3 Differences Between an RN and a Nurse Practitioner


Many people are interested in working in health care, and specifically in nursing, but it can be confusing to understand all the different types of nursing degrees and what they mean. There are many kinds of nurses, and some career paths require more training or additional certifications than others. Fortunately, there are plenty of resources available both online and off that can help you understand your options within the nursing field. If you’re considering a career in nursing, read on to learn three key differences between an RN and a nurse practitioner.

1. A nurse practitioner must have a graduate degree in nursing.

One of the primary differences between registered nurses (RNs) and nurse practitioners (NPs) is the amount of schooling required. Registered nurses have to earn an accredited degree, then pass the National Council Licensure Exam (NCLEX) and apply for state licensure. NPs need a master’s degree in nursing (MSN) and must complete more clinic hours than RNs. NPs can even pursue other certifications to work with specific patient populations. If you have an associate degree or diploma in nursing, you may want to look into RN to NP programs to see if continuing your education could help you take the next step in your career.

If you’re in the process of applying for a degree program, you may want to look into working with a college admissions company. A professional admissions counselor has years of experience helping students like you get into their top-choice schools. With acceptance rates getting lower every year and competition increasing for spots in elite universities, you should do everything you can to make yourself stand out as an applicant.

2. RNs have more limited observation and care responsibilities.

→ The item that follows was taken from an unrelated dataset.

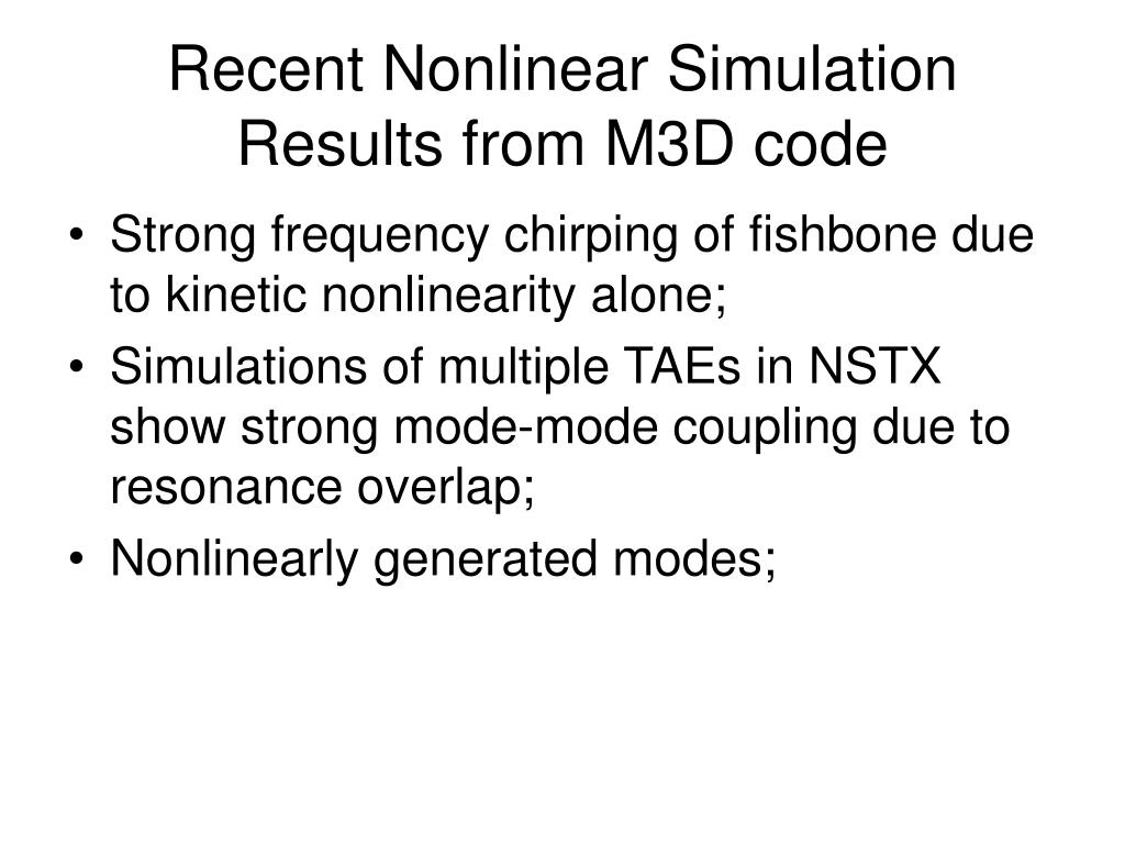 Recent Nonlinear Simulation Results from M3D code • Strong frequency chirping of fishbone due to kinetic nonlinearity alone; • Simulations of multiple TAEs in NSTX show strong mode-mode coupling due to resonance overlap; • Nonlinearly generated modes;
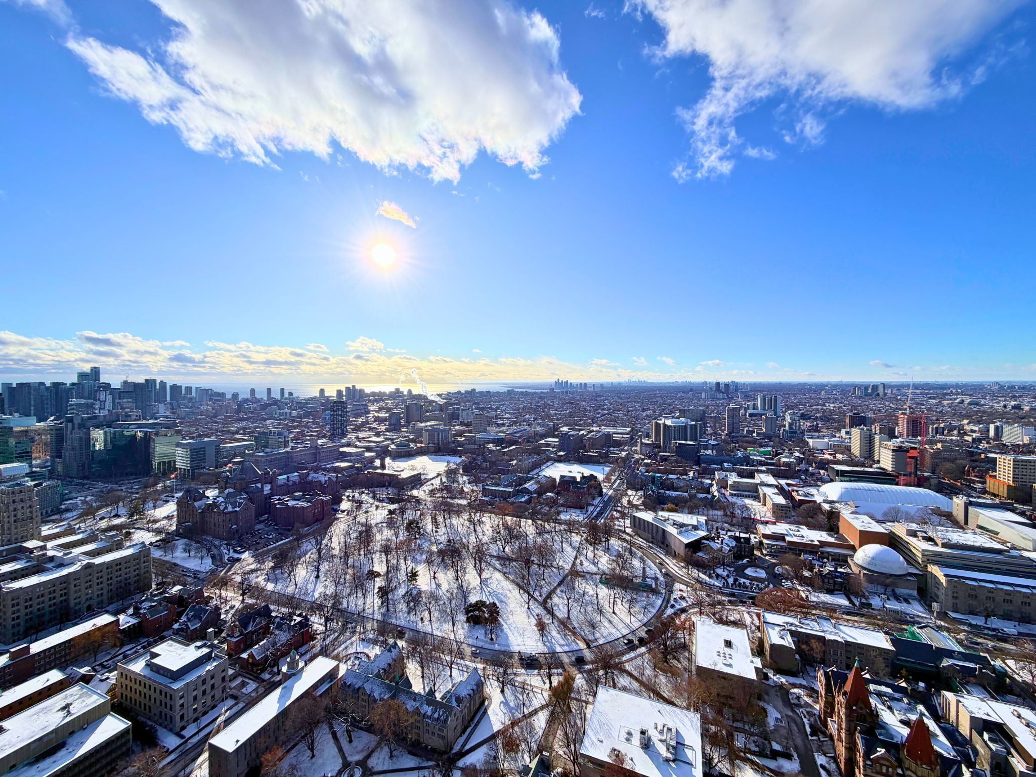Bright, refined penthouse living in the heart of the bay corridor. This thoughtfully designed 2+1 bedroom suite offers two full bathrooms, two balconies, two parking spaces, and a locker, an increasingly rare find downtown. The open-concept living and dining area is flooded with natural light and framed by unobstructed views that span the university of toronto and extend all the way to the lake. The kitchen overlooks the main living space and provides excellent flow for both daily living and entertaining, with ample room for a full-sized dining table and comfortable seating. The primary bedroom enjoys sweeping city views, a walk-in closet, and a well-appointed ensuite featuring a separate shower and soaker tub. The second bedroom is set apart near the entry for added privacy and convenient access to the second bathroom. A large, bright den offers outstanding flexibility and can easily function as a home office, guest room, family room, or additional dining area. Step onto the expansive balcony that runs the length of the suite and take in peaceful sunrise views over the city. Located steps from the university of toronto, the rom, yorkville, subway access, and everyday shopping. Exceptional walkability with a walk score of 99, ttc score of 93, and bike score of 95. A rare penthouse opportunity in one of downtown toronto's most walkable and established neighbourhoods.

RNs and NPs both have duties related to patient observation and care, but NPs are permitted to prescribe treatment, order tests, and diagnose patients. RNs usually work under a physician who is responsible for coming up with a treatment plan, diagnosis, and managing follow-up care. The educational background and additional training required is the main reason why nurse practitioners have more responsibility and autonomy.

3. Nurse practitioners earn a higher average salary.

Though RNs and NPs both typically earn above-average salaries with generous benefits, nurse practitioners have a median wage of over $110,000 in the United States, while the median pay for an RN is just over $75,000. NPs do tend to out-earn RNs, in large part due to the fact that their work requires more education, advanced training, and specific certifications. The more skills you’re able to master, the better your wage is likely to be.

No matter what type of nursing degree you decide to pursue, it’s important to keep in mind that the medical field can be difficult and stressful, especially now. Finding ways to care for your mental and physical health, even when your job is demanding, will be essential if you want to have a long and successful career. Long shifts often make getting enough sleep uniquely challenging for health care workers, but sleep deprivation can cause everything from memory problems to weakened immunity. If you struggle to fall or stay asleep, start looking for products and techniques that can help you get a good night’s rest.

Nursing can provide a challenging and rewarding career path for those who want to work in health care, but there are several different types of nursing jobs. The most significant difference between these jobs is the educational background you’re required to have. Nurse practitioners make more money and have more responsibility at work, but you do need an MSN to qualify for nurse practitioner jobs. Becoming an RN requires less schooling, which may make it more accessible for some students. You can also take advantage of an RN to NP program in the future if you decide you want to take the next step in your career.